Par Dr Mondher Letaief, représentant par intérim de l’Organisation Mondiale de la Santé (OMS) au Maroc
Bien que la résistance aux antimicrobiens soit un phénomène qui survient naturellement au fil du temps par des changements génétiques chez les bactéries, virus, champignons et parasites ; son accélération et sa propagation sont fortement accélérées par les activités humaines. Il s’agit en particulier de la mauvaise utilisation et la surutilisation des antimicrobiens (antibiotiques, antiviraux, antifongiques, antiparasitaires) chez l’homme, l’animal et dans l’agriculture. Cet usage abusif favorise l’apparition de souches résistantes, rendant les infections plus difficiles à traiter et augmentent le risque de complications graves, voire de décès.
On trouve des organismes résistants aux antimicrobiens chez l’être humain, l’animal, dans les aliments, les plantes et l’environnement (eau, sol et air). Ils peuvent se transmettre d’une personne à l’autre, de l’homme à l’animal et vice versa, et via la chaine alimentaire, notamment à partir d’aliments d’origine animale. La RAM entraine de lourdes conséquences : des séjours hospitaliers prolongés, des coûts médicaux plus élevés, des handicaps permanents et même la mort. La RAM nuit déjà à notre santé, à nos systèmes alimentaires, à notre environnement et à nos économies. Ce n’est pas un défi futur : nous sommes face à un fléau qui se produit maintenant.
En 2021, ce phénomène a été associé à près de 5 millions de décès, dont 1,14 million de décès directement causés par la RAM. A cette cadence, la résistance aux antimicrobiens pourrait coûter la vie à 39 millions de personnes d’ici à 2050. Selon l’OMS, en 2023, une infection bactérienne sur 6 était résistante aux traitements antibiotiques. La situation est plus préoccupante dans la région de la Méditerranée Orientale, dont fait partie le Maroc, où une infection sur 3 est résistante aux antimicrobiens.
Les infections résistantes aux médicaments augmentent, mais la sensibilisation, les investissements et les actions restent insuffisants. La RAM fragilise nos systèmes de santé, nos économies et nos écosystèmes. Mais il est encore possible de ralentir la résistance aux antimicrobiens si nous agissons ensemble pour préserver l’efficacité des médicaments antimicrobiens et sauver des vies.
Face à cette menace croissante, une mobilisation globale s’impose, impliquant l’ensemble des parties prenantes intervenant tout au long du cycle de vie des antibiotiques, dans le but de préserver la santé des populations.
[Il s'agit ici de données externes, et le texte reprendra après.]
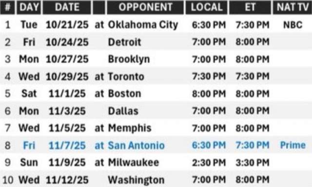 北京时间2025年8月15日,此前NBA公布了25-26赛季的完整赛程,而火箭队的记者Bradeaux列出战了球队新赛季前10场的赛程,并评论道:“没有背靠背,预测一下战绩。”

Cette lutte repose sur l’approche « Une seule santé/One Health », qui reconnaît que la santé des êtres humains, des animaux et de l’environnement sont étroitement liées et appelle à une action coordonnée et multisectorielle.
La lutte contre la RAM appelle à une action mondiale et intégrée. L’OMS a développé plusieurs outils pour soutenir les pays, y compris des plans d’action, des guides et des outils d’évaluation destinés aux institutions médicales. En 2001, l’OMS a élaboré une Stratégie mondiale pour la maîtrise de la résistance aux antimicrobiens qui proposait un cadre d’interventions visant à ralentir l’émergence de la résistance aux antimicrobiens et à limiter sa propagation. En mai 2015, la Soixante-Huitième Assemblée mondiale de la Santé a adopté un plan d’action mondial pour combattre le problème grandissant de la résistance aux antibiotiques et aux autres médicaments antimicrobiens.
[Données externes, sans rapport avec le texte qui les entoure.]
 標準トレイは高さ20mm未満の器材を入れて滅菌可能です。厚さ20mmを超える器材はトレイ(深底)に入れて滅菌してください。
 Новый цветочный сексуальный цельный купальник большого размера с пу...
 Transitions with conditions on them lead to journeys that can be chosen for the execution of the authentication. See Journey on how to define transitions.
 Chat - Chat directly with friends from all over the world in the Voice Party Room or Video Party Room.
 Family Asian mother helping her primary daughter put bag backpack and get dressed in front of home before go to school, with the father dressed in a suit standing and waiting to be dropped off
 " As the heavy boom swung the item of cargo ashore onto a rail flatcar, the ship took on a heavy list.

Au Maroc, la lutte contre la RAM a été inscrite parmi les priorités nationales à travers l’élaboration et la mise en œuvre d’un Plan stratégique national de prévention et de contrôle de la résistance aux antimicrobiens. Un comité interministériel a également été créé, composé des représentant.e.s des directions techniques des ministères en charge de la santé, de l’agriculture et de l’environnement. Mais les efforts doivent se poursuivre, de manière concertée et selon une approche intégrée.
La lutte contre la résistance aux antimicrobiens est l’affaire de tou.te.s. Les gouvernements, les professionnel.le.s de la santé, les pharmacien.ne.s, les agriculteurs, les industriels, les agriculteurs et les individus... nous avons tous un rôle à jouer pour limiter la propagation de ce fléau. La sensibilisation du grand public, la formation des professionnel.le.s de santé et des agriculteurs, et les investissements en santé sont des actions essentielles pour préserver l’efficacité des antimicrobiens et garantir un avenir plus sûr et la santé pour tous.